21/12/2017
Ravindra Dholakia, the Reserve Bank of India's policymaker who has doggedly stuck to his stand on the need for a policy rate cut while voting against his five cohorts at credit policy review a fortnight ago, has argued that inflation control won't be a big issue in the near future - that is, over the next six to 12 months.
The IIM Ahmedabad professor has been a policy contrarian and voted since June for a 25 basis point rate cut in the policy rate that currently rules at 6 per cent.
"The real cause of concern right now is the economic recovery and its slow pace. Fiscal space is more or less exhausted but the space for the monetary boost has fortunately been available now for a relatively long period. Had the policy rate been cut to 5.75 per cent in June 2017 as I had argued then, the economic recovery would have been far more rapid and we would have been in a much better position," the professor was quoted as saying in the minutes for the latest monetary policy meeting released today.
"Although we have missed the bus, it is still better late than never. In my opinion, we must cut the policy rate by at least 25 basis points to begin with if we want to be on conservative side, because enough space existed all along," Dholakia added.

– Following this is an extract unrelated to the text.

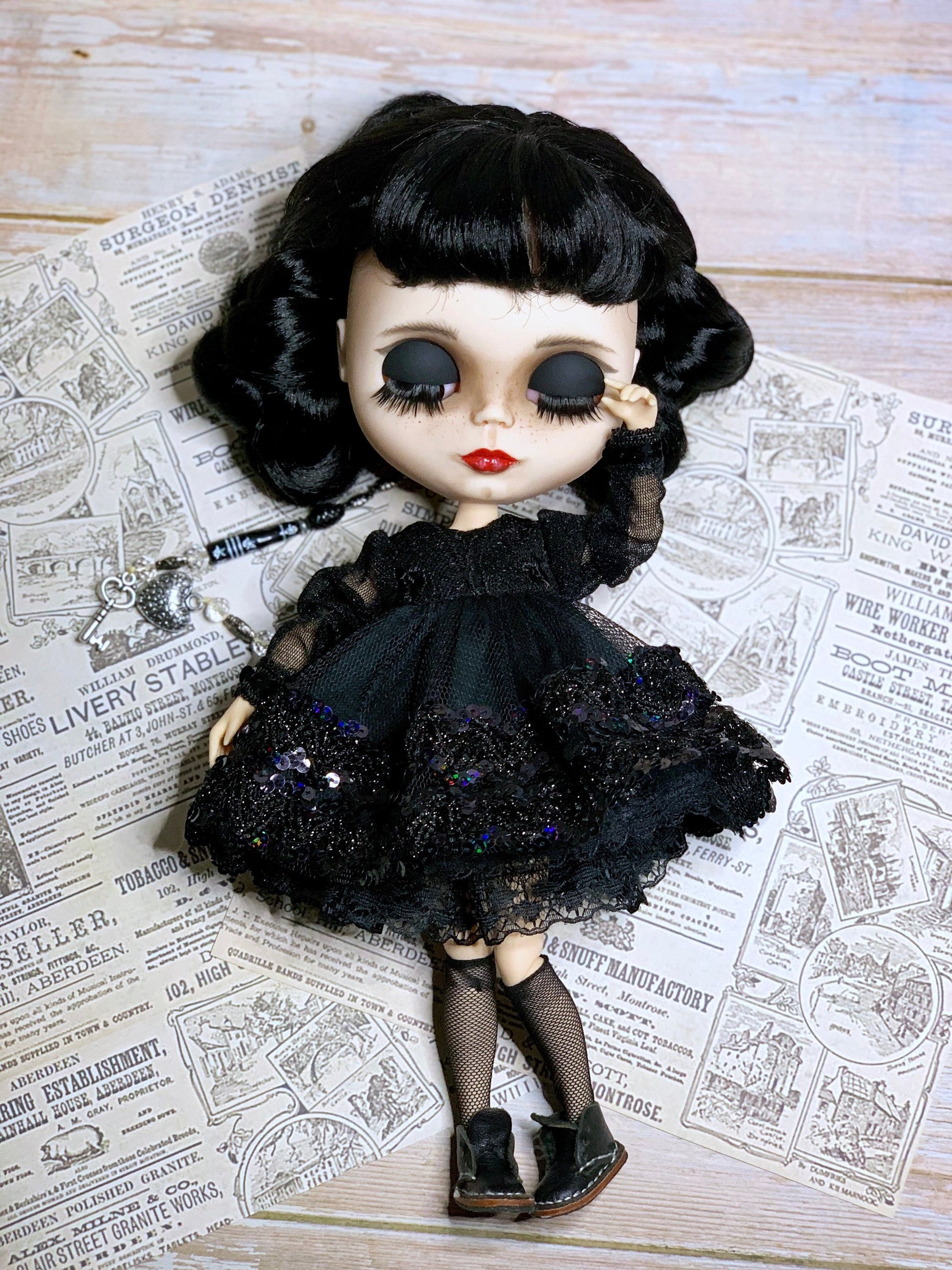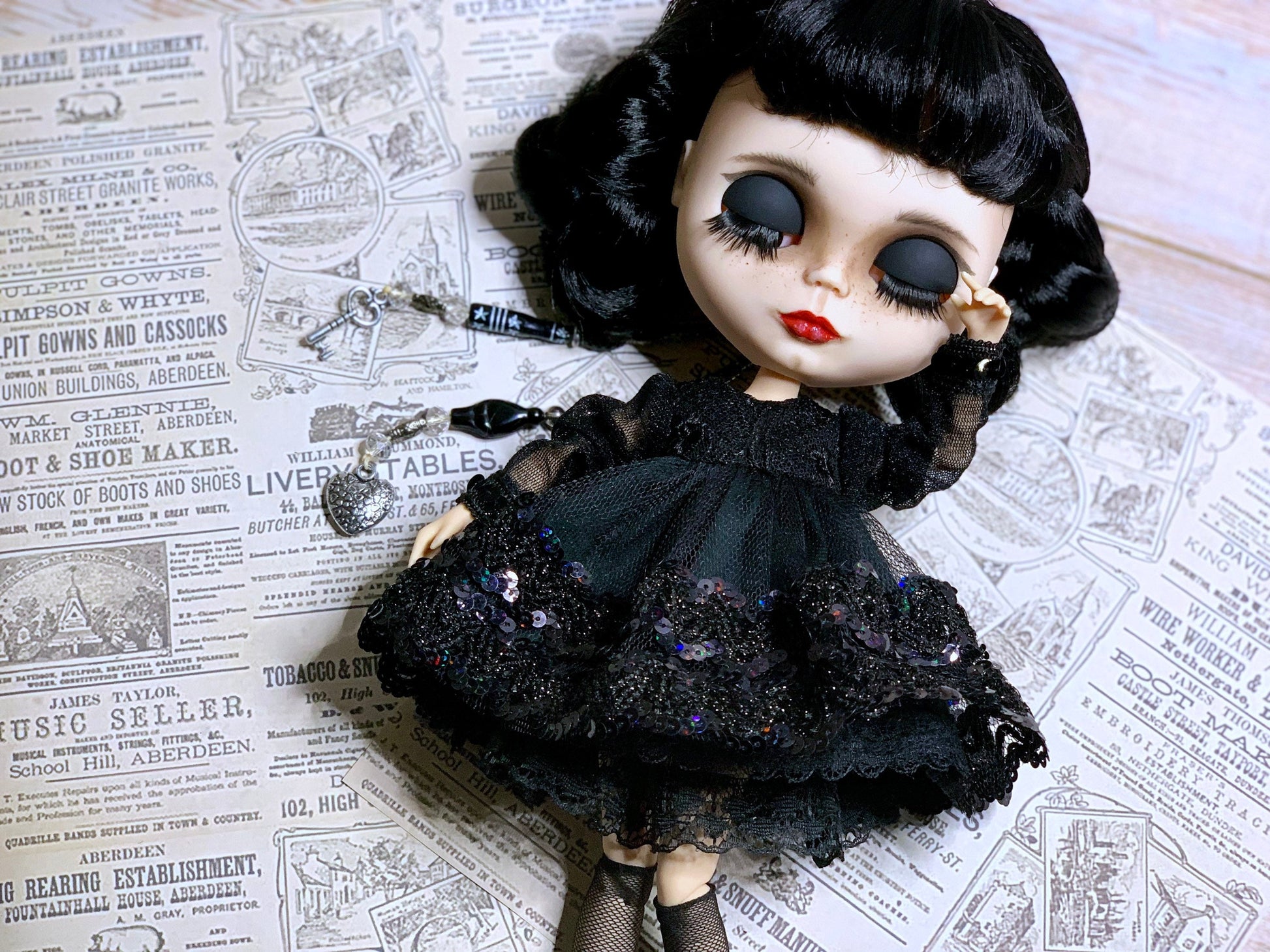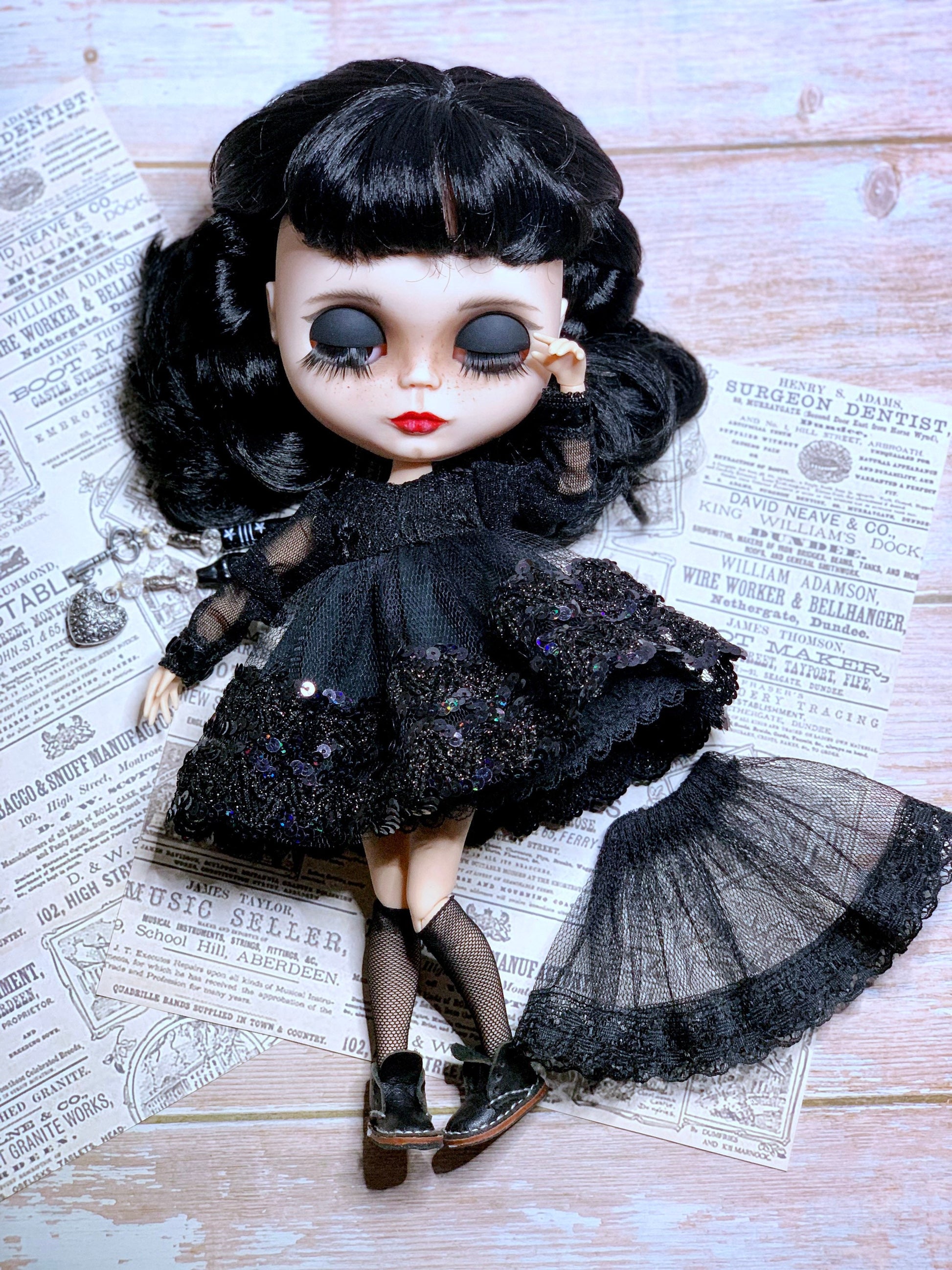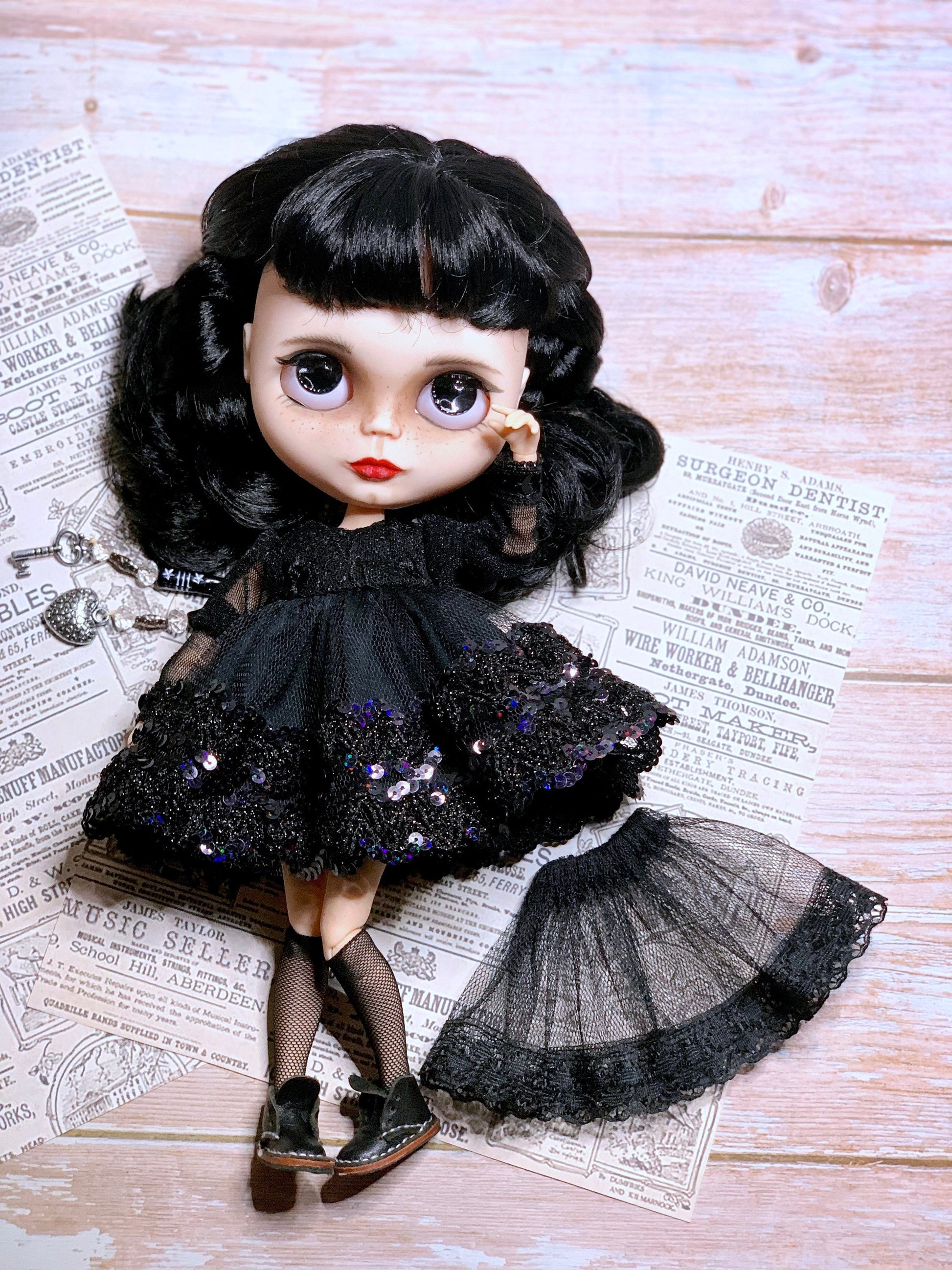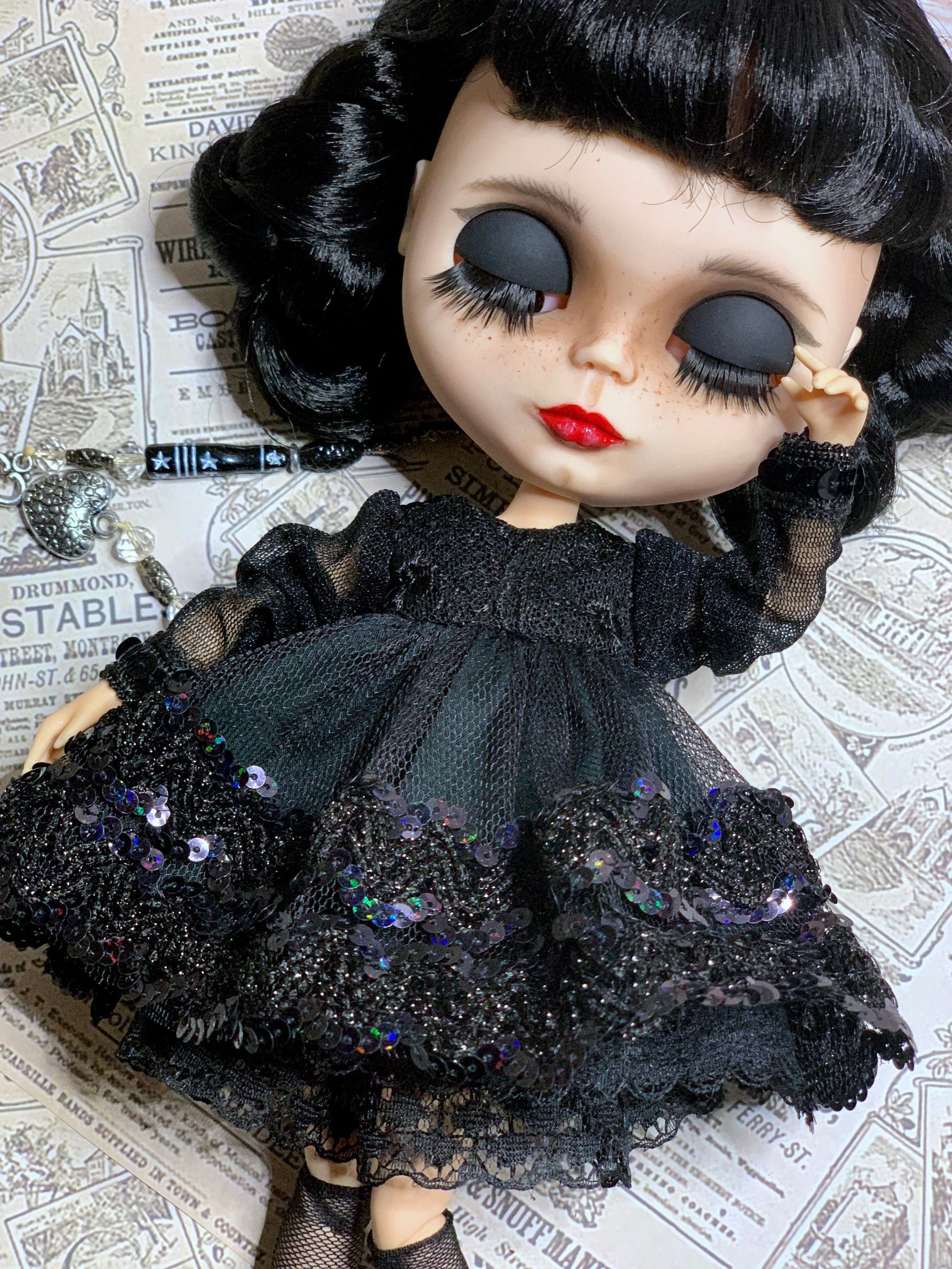 Ein edles mit Pailletten besticktes schwarzes Kleid aus Spitze, Ballkleid von Wednesday für Blythe Puppe ( passend auch für Pulipp und ähnliche Puppenkörper).
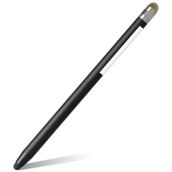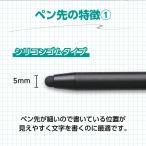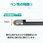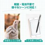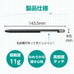 シリコン&導電繊維の2種類のペン先のタッチペンです。ペン先サイズ:シリコンゴムタイプ…5mm、導電繊維タイプ…7mm 。油性ペンで名前が書けるお名前スペース付です。

He is the only policymaker on the six-member MPC whose views are completely in sync with those of the mandarins in the finance ministry who have been trying hard to budge the RBI towards a rate cut.
The majoritarian view within the MPC is that the upward trajectory in non-food, non-fuel inflation is likely to continue in the near term. Housing inflation is also expected to rise in 2018, fanned by the staggered impact of housing rent allowance (HRA) increases to central government employees "which is expected to peak in December".
The recent rise in international crude prices on account of the Opec's decision to maintain production cuts through next year and the possibility of an "adverse supply shock due to geo-political developments" prompted five of the six policymakers to stand pat on the repo rate.
"On the whole, inflation is estimated in the range 4.3-4.7 per cent in Q3 and Q4 of this year, including the HRA effect of up to 35 basis points, with risks evenly balanced," the minutes of the meeting said.
Dholakia, however, disagreed strongly with this view.
"The RBI's expectation about the headline inflation in the remaining two quarters of 2017-18 is in the range of 4.3 to 4.7 per cent. If we exclude the pure statistical effect of revisions in the house rent allowance by the 7th Pay Commission for the government employees, the range of the RBI forecasts of both the headline and CPI excluding food and fuel show the relevant inflation rate hovering around 3.9 to 4.3 per cent over the rest of the year. Thus, there is a clear space for the rate reduction of at least 25 basis points even without considering the output gap," he added.
The IIM professor believes that there is a crying need to ratchet up growth - with the impetus being provided by a rate cut.
"As against RBI's expectation of 6.4 per cent, the growth of real GVA during the quarter turned out to be only 6.1 per cent. Yet, the RBI has not revised its growth forecast from the earlier 6.7 percent for the year 2017-18. This implies that RBI now expects a higher growth of 7.0 and 7.8 per cent respectively in the third and fourth quarters of 2017-18. This is highly improbable to be achieved without any policy rate cut because fiscal space is practically non-existent," he added.
He argued that there were serious implications of keeping the real policy rate substantially higher than most other countries in the world. He argued that only 11 countries in the world had a "positive real policy rate" - and several of them either are in some crisis or have recently emerged out of a crisis.
"Among the rest of the countries, India has the highest real rate. If the situation is not corrected soon, it has the potential to destabilize the financial markets at home by discouraging domestic investments and encouraging foreign investment in the debt market. It may involve substantial risks for future," Dholakia added.
Echoing the majority view, RBI governor Urjit Patel said: "Inflation is now projected to be marginally higher, going forward, as the recent increase in oil prices is likely to sustain. Food inflation, led by vegetables, remains highly variable, while deflation in pulses continues."
"The recent upturn in crude oil prices has emerged as a source of concern. Several uncertainties, especially on the fiscal and external fronts, persist. It is, therefore, important to be vigilant. Hence, I vote for status quo in the policy rate," Patel added.